Hagen, C., Dent, K. C., Zeev-Ben-Mordehai, T., Grange, M., Bosse, J. B., Whittle, C., Klupp, B. G., Siebert, C. A., Vasishtan, D., Bäuerlein, F. J. B., Cheleski, J., Werner, S., Guttmann, P., Rehbein, S., Henzler, K., Demmerle, J., Adler, B., Koszinowski, U., Schermelleh, L., Schneider, G., Enquist, L. W., Plitzko, J. M., Mettenleiter, T. C., & Grünewald, K. (2015). Structural Basis of Vesicle Formation at the Inner Nuclear Membrane. CELL, 163(7), 1692-1701. doi:10.1016/j.cell.2015.11.029.
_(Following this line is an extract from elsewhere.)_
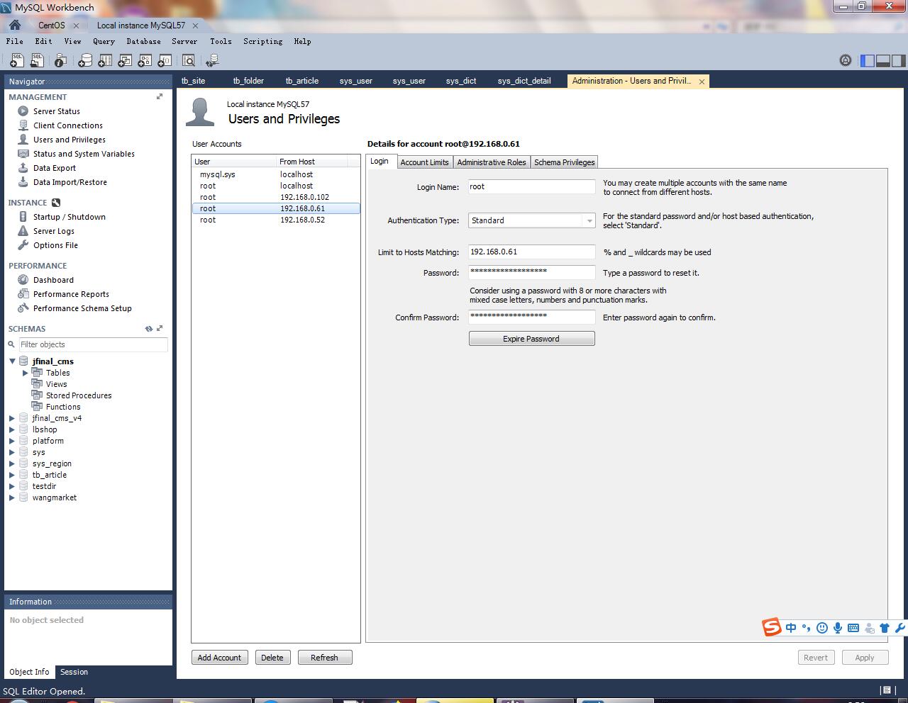 MySQL Workbench给其他IP用户分配权限2019独角兽企业重金招聘Python工程师标准>>>转载于:https://my.oschina.net/ZhenyuanLiu/blog/1801019

引用: https://hdl.handle.net/11858/00-001M-0000-0029-71B4-5

要旨

Vesicular nucleo-cytoplasmic transport is becoming recognized as a general cellular mechanism for translocation of large cargoes across the nuclear envelope. Cargo is recruited, enveloped at the inner nuclear membrane (INM), and delivered by membrane fusion at the outer nuclear membrane. To understand the structural underpinning for this trafficking, we investigated nuclear egress of progeny herpesvirus capsids where capsid envelopment is mediated by two viral proteins, forming the nuclear egress complex (NEC). Using a multi-modal imaging approach, we visualized the NEC in situ forming coated vesicles of defined size. Cellular electron cryo-tomography revealed a protein layer showing two distinct hexagonal lattices at its membrane-proximal and membrane-distant faces, respectively. NEC coat architecture was determined by combining this information with integrative modeling using small-angle X-ray scattering data. The molecular arrangement of the NEC establishes the basic mechanism for budding and scission of tailored vesicles at the INM.